On Treatment but Still Sleepy

Cause and Management of Residual Sleepiness in Obstructive Sleep Apnea

Sandrine H. Launois; Renaud Tamisier; Patrick Lévy; Jean-Louis Pépin


Curr Opin Pulm Med. 2013;19(6):601-608. 

In This Article

Characteristics of Patients With Residual Sleepiness

Severity of residual sleepiness is quite consistent across studies, with an average Epworth score on effective CPAP of 14/24,[17,26,29,30] which underscores the clinical relevance of the issue. Objective testing actually confirms the increased sleep propensity.[26] At the time of diagnosis, residual sleepiness patients exhibit more sleepiness than patients who respond to CPAP.[17,26]

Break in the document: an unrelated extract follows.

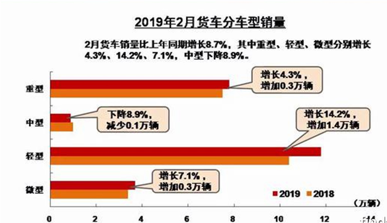 通过分析2月份的数据,卡车整体销量同比增长8.7%,轻型卡车增幅最大,达14.2%。但一月、二月并非传统的行业旺季,也许只有待“金三银四”之后,2019年卡车行业的走向才能方现端倪。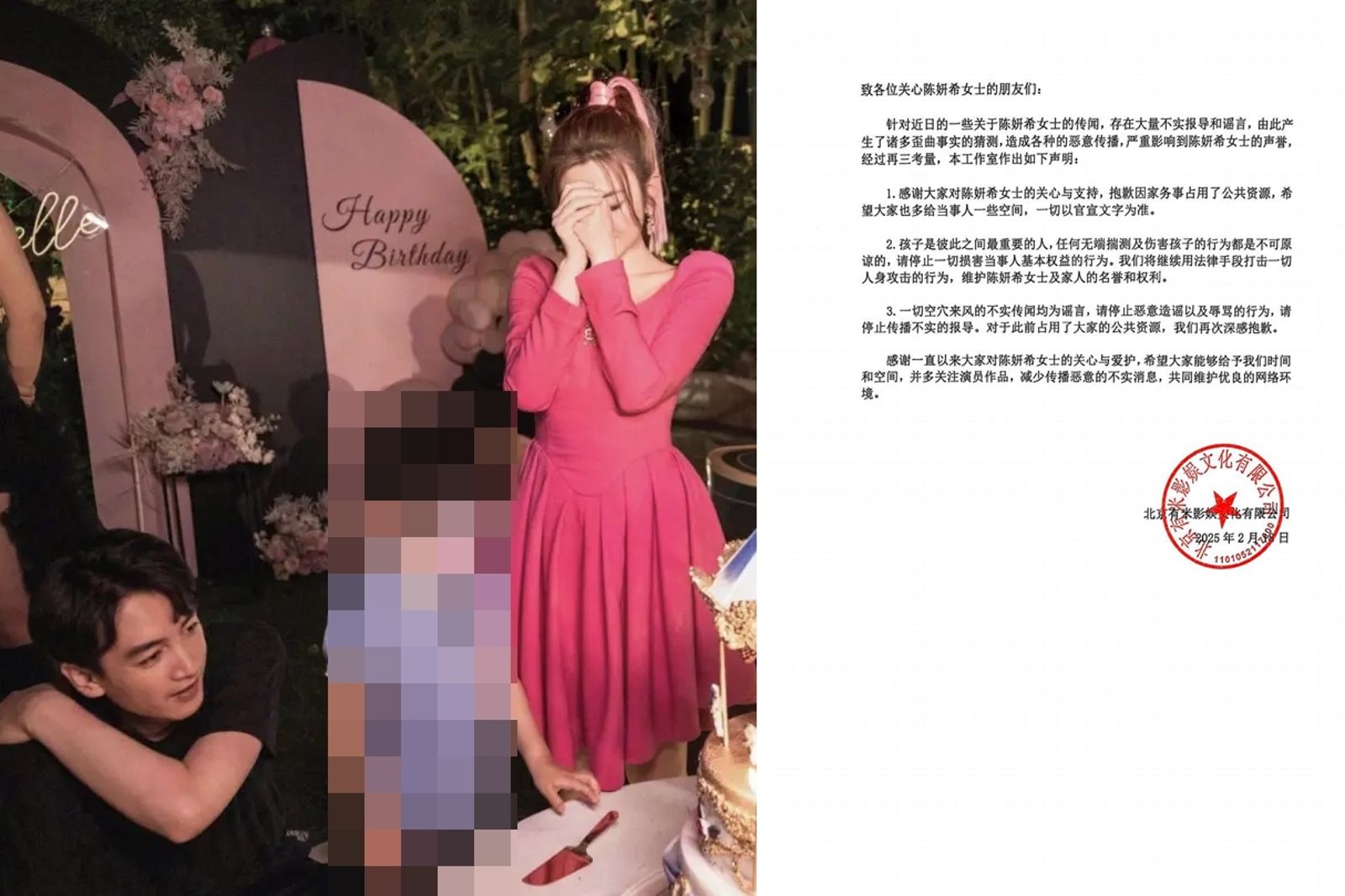 針對近日的一些關於陳妍希女士的傳聞,存在大量不實報導和謠言,由此產生了諸多歪曲事實的猜測,造成各種的惡意傳播,嚴重影響到陳妍希女士的聲譽。經過再三考量,本工作室作出如下聲明:

Mean CPAP use is not shorter in residual sleepiness patients than in nonsleepy patients,[26,28–30] except in one study in which residual sleepiness patients used CPAP 10.6% less than patients without residual sleepiness,[17] but residual sleepiness prevalence consistently decreases with longer CPAP nightly usage, as mentioned above[17,26,28–30] (Fig. 1). When evaluated systematically, CPAP side-effects are more common in patients with residual sleepiness than in CPAP responders.[17]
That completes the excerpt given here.